The International Organization of Securities Commissions (IOSCO) published a final report Tuesday, which sets outs its recommendations for common global standards for the regulation and management of money market funds (MMFs). The global group of regulators notes that publication of the report was opposed by a majority of the commissioners of the U.S. Securities and Exchange Commission (SEC), which also shot down a round of reforms in the United States earlier this year, too; but that there is no other opposition to the report at its board meeting in Madrid in last week.
The report, which sets out 15 recommendations, notes that the global money market industry represents approximately US$ 4.7 trillion in assets under management, and accounts for about a fifth of all collective investment schemes worldwide. And, it says that while they didn’t cause the financial crisis, they showed a potential to spread, or even amplify, a crisis.
Various reforms to money market regulation and operations have been adopted since the crisis, but IOSCO notes that these mainly focused on the asset side of funds. This latest set of recommendations address vulnerabilities arising from the liability side, as well as the crucial issue of valuation and the display of a constant net asset value, it says. In particular, IOSCO says its recommendations “seek to address the vulnerabilities around the risk of run and first mover advantage which could have broader consequences for the financial system.”
The recommendations include that: money market funds should comply with fair value principles when valuing their portfolios; that valuation practices should be reviewed by a third party; that they should adhere to liquidity minimums; conduct stress tests; and adopt tools to deal with exceptional market conditions and substantial redemptions pressures.
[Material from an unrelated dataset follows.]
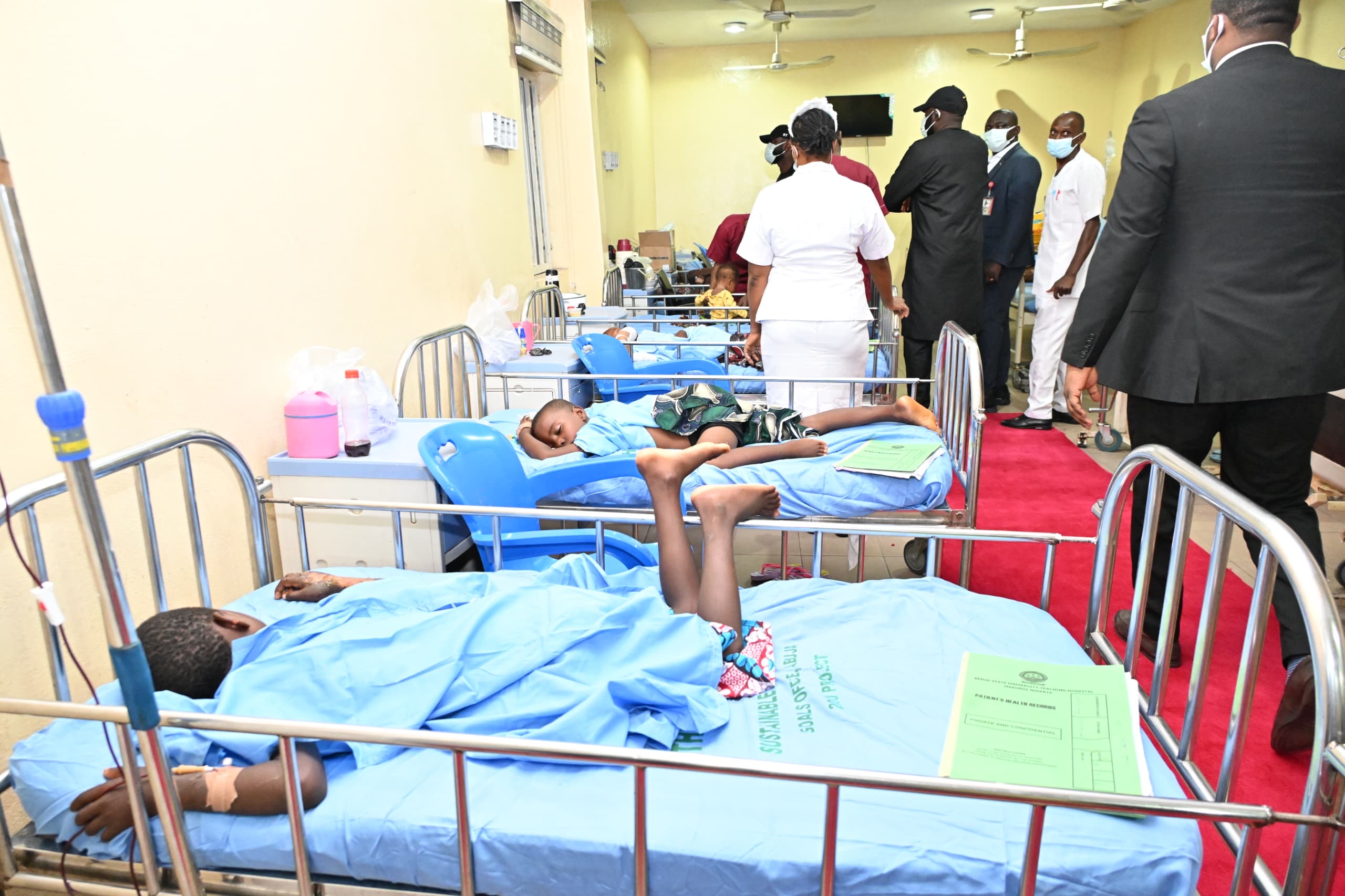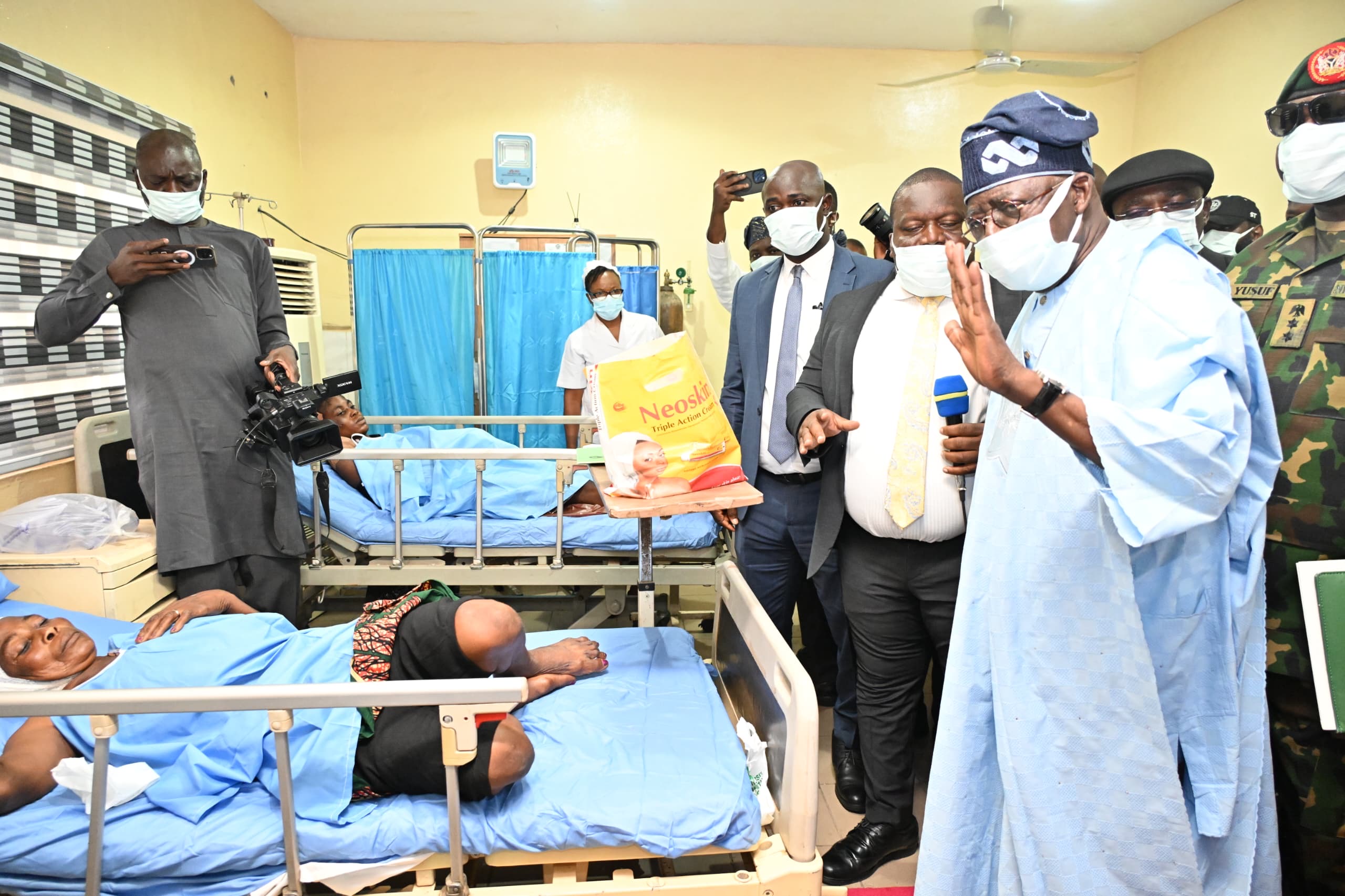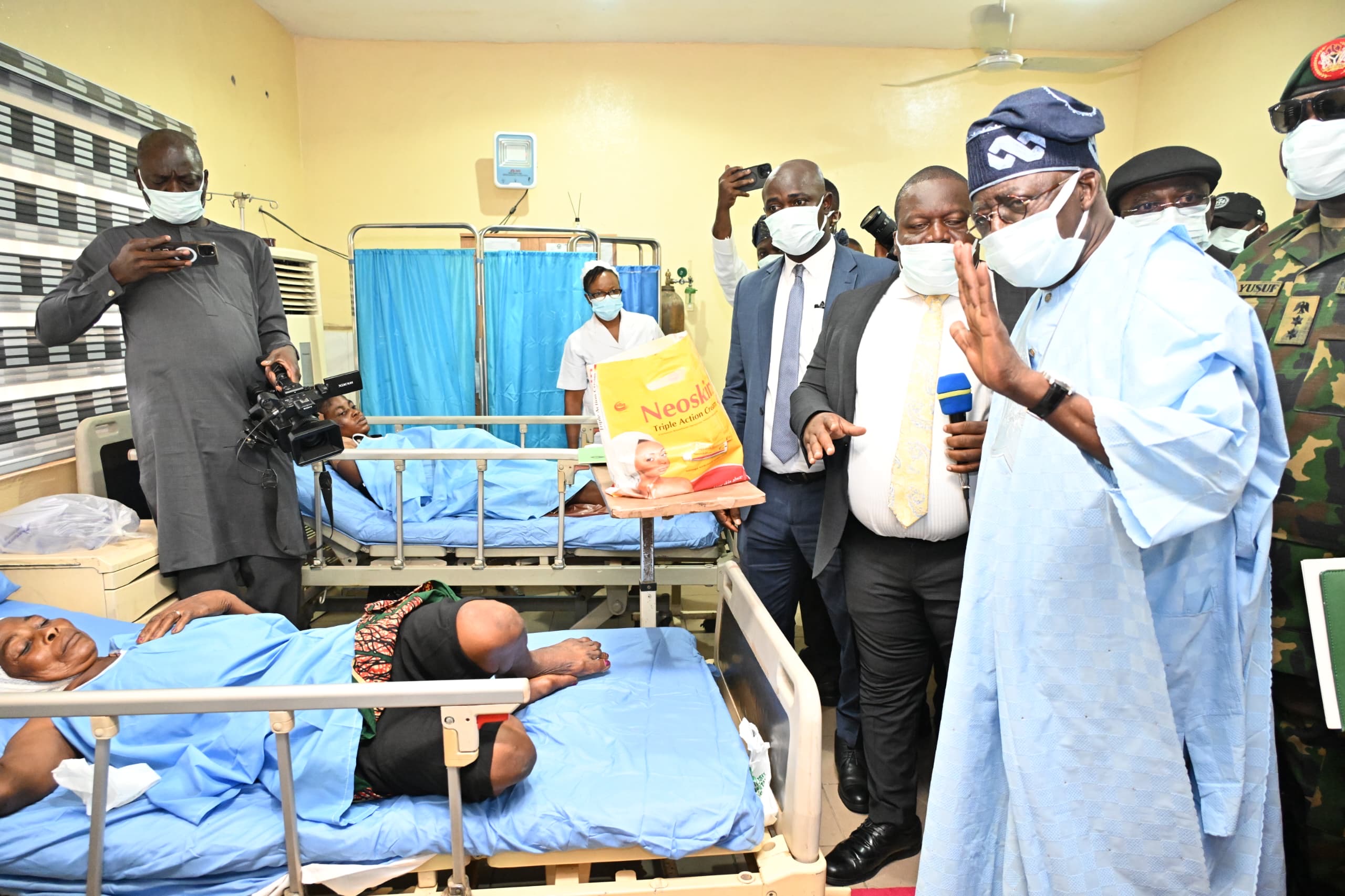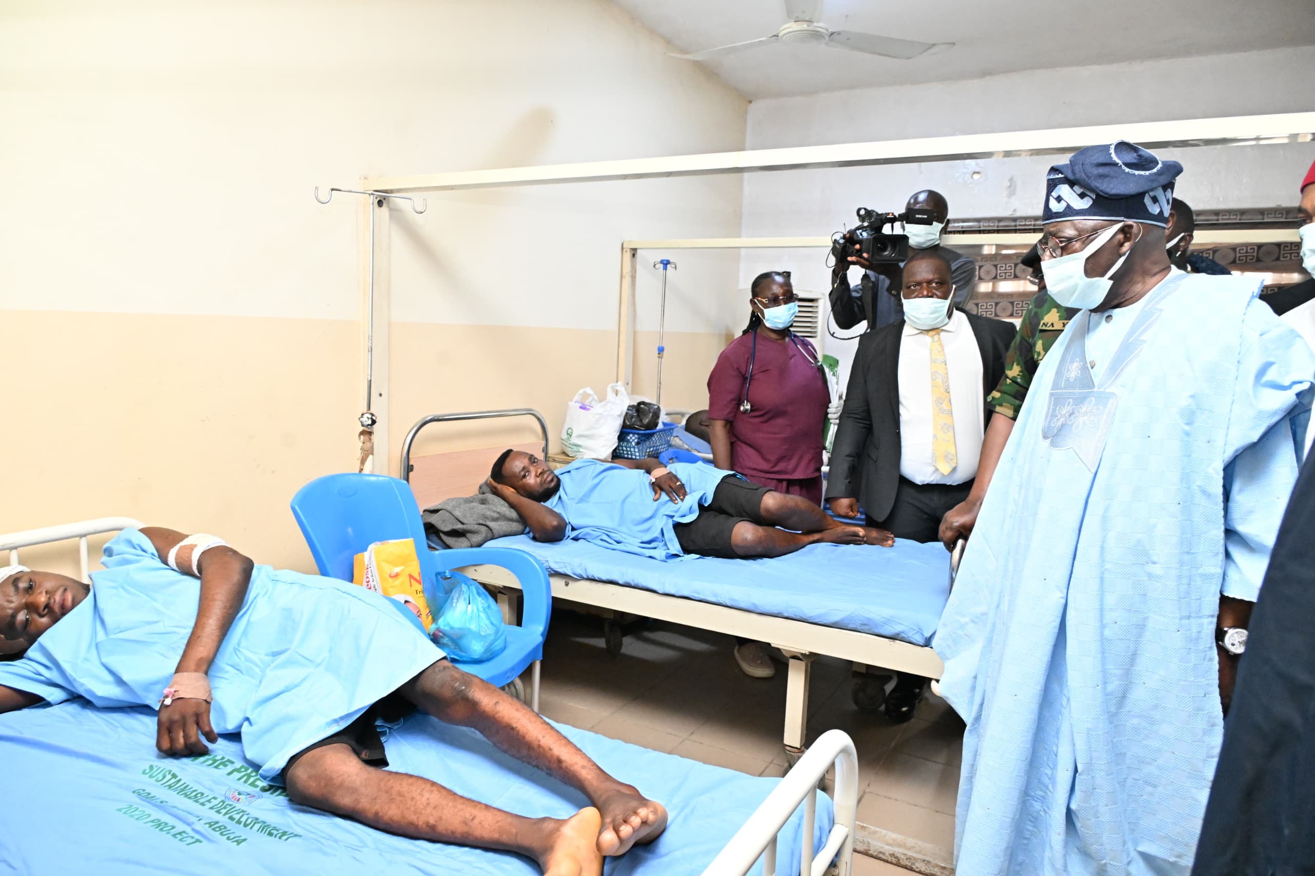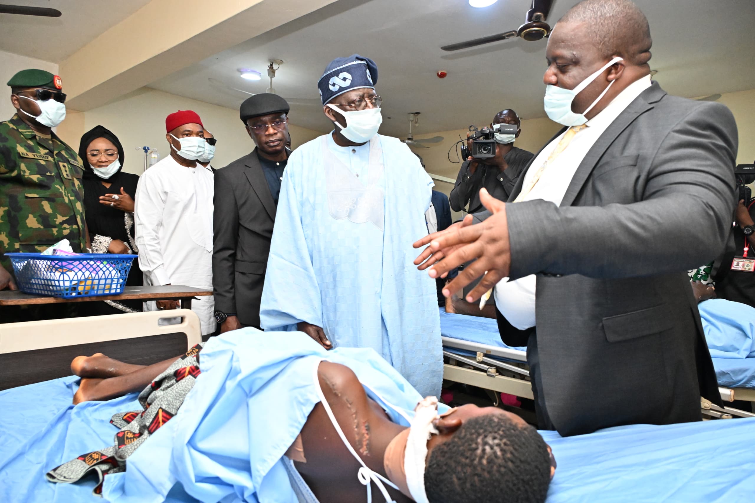 The president visited survivors of the massacre who are currently receiving treatment at the Benue State University Teaching Hospital. He arrived at the Nigeria Air Force Base Airport in Makurdi around 12:58 pm on Wednesday before proceeding to see the victims.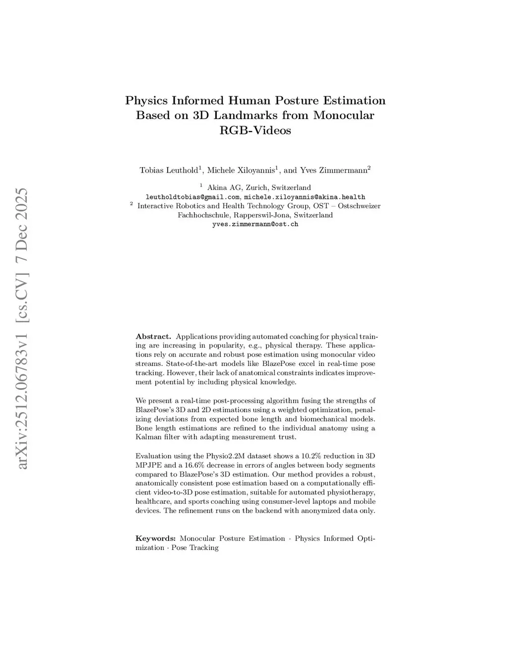 Physics Informed Human Posture Estimation Based on 3D Landmarks from Monocular RGB-Videos

It also recommends that funds’ disclosure should draw investors’ attention to the absence of a capital guarantee and the possibility of principal loss; along with the funds’ valuation practices and procedures for dealing with market stress.
IOSCO says that all the recommendations are important for the safety and robustness of the money market industry, however it allows that the implementation of some of the recommendations may need to be phased in, “to avoid disruptive impacts on the industry and the functioning of the financial system at large.”
It is also proposing to review the application of these recommendations within two years to assess whether they should be revised, complemented or strengthened. At that time, it will consider the impact of new banking regulations and the evolution in the structure of bank funding, potential regulatory reforms to the “shadow banking” system, the interest rate environment, along with changes in the industry and the potential development of competing products.
IOSCO says that its work on money market funds is an important part of the efforts by the G20 and Financial Stability Board (FSB) to strengthen the oversight and regulation of the shadow banking system.